Following formula (1)
[Chemical 1]
_{(A 1-x Ce x)} 3 (Al 1-y Ga y) 5 O 12 (1)
(In the formula, A is at least one element selected from Tb, Gd and La, and 1 × 10 ⁻³ ≦ x ≦ 1 × 10 ⁻¹ and 1 × 10 ⁻⁶ ≦ y ≦ 1.)
A solid scintillator in which fluorine is contained in a crystal grain boundary of a polycrystalline body composed of crystals of a garnet structure oxide having a composition ratio represented by:
The fluorine is contained in an amount of 1 to 100 ppm by mass with respect to the garnet structure oxide. 2. The solid scintillator according to claim 1, wherein the fluorine is contained in an amount of 4 mass ppm to 87 mass ppm with respect to the garnet structure oxide. The solid scintillator according to claim 1 or 2, wherein the solid scintillator is a sintered body. The solid scintillator according to any one of claims 1 to 3, wherein the surface roughness Ra is 0.5 µm or less. 5. The solid scintillator according to claim 1, wherein the number of shed grains having a maximum diameter of 2 μm or more per 100 μm × 100 μm of the cutting surface is one or less. 6. The solid scintillator according to claim 1, wherein the solid scintillator is composed of a single phase having a garnet structure. A radiation detector comprising the solid scintillator according to any one of claims 1 to 6. A radiation inspection apparatus using the radiation detector according to claim 7. Following formula (1)
[Chemical 2]
_{(A 1-x Ce x)} 3 (Al 1-y Ga y) 5 O 12 (1)

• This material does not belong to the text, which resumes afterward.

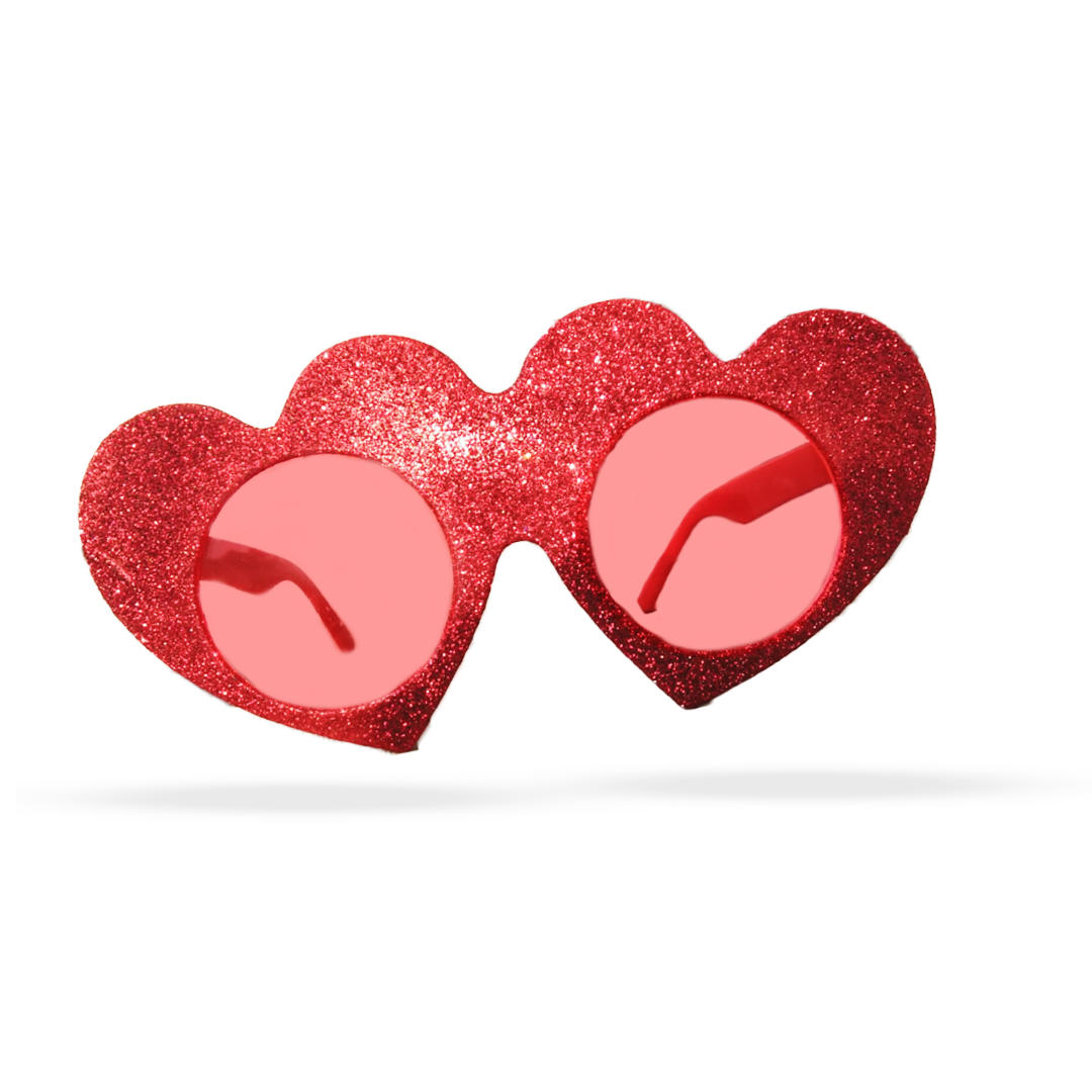 Double Heart Shaped Red Glittery Sunglass - 1PC

(In the formula, A is at least one element selected from Tb, Gd and La, and 1 × 10 ⁻³ ≦ x ≦ 1 × 10 ⁻¹ and 1 × 10 ⁻⁶ ≦ y ≦ 1.)
A garnet structure oxide having a composition ratio represented by a single crystal containing fluorine,
The powder for producing a solid scintillator, wherein the fluorine is contained in an amount of 10 mass ppm to 500 mass ppm with respect to the garnet structure oxide. A mixed powder preparation step of mixing a raw material powder for producing a garnet structure oxide having a composition ratio represented by the following formula (1) and a fluoride to obtain a mixed powder;
[Chemical formula 3]
_{(A 1-x Ce x)} 3 (Al 1-y Ga y) 5 O 12 (1)
(In the formula, A is at least one element selected from Tb, Gd and La, and 1 × 10 ⁻³ ≦ x ≦ 1 × 10 ⁻¹ and 1 × 10 ⁻⁶ ≦ y ≦ 1.)
The mixed powder is fired at 1100 ° C. to 1400 ° C., and is made of a single crystal containing fluorine in the garnet structure oxide having the composition ratio represented by the above formula (1), and the fluorine is oxidized in the garnet structure A baking step of obtaining a solid scintillator-producing powder contained in an amount of 10 mass ppm to 500 mass ppm,
Fluorine was contained in the garnet structure oxide having the composition ratio represented by the above formula (1) by sintering the compact formed from the powder for producing the solid scintillator at 1200 ° C. to 1500 ° C. under pressure. A sintering process comprising a polycrystalline scintillator and obtaining a solid scintillator containing 1 to 100 mass ppm of the fluorine with respect to the garnet structure oxide;
A method for producing a solid scintillator, comprising: The mixed powder used in the mixing step is an amount of raw material powder prepared so as to produce 1 mol of garnet structure oxide having a composition ratio represented by the above formula (1), and 10 × 10 ^{−6 in} terms of fluorine. The method for producing a solid scintillator according to claim 10, comprising: mol to 500 × 10 ⁻⁶ mol of fluoride. The method for producing a solid scintillator according to claim 10 or 11, further comprising a strain removing step of performing a strain removing heat treatment at 1100 ° C to 1400 ° C on the solid scintillator obtained after the sintering step. The method for producing a solid scintillator according to claim 10 or 11, further comprising a cutting step of cutting the solid scintillator into a plurality of pieces. The method of manufacturing a solid scintillator according to claim 13, wherein the cutting step is performed by using a wire saw.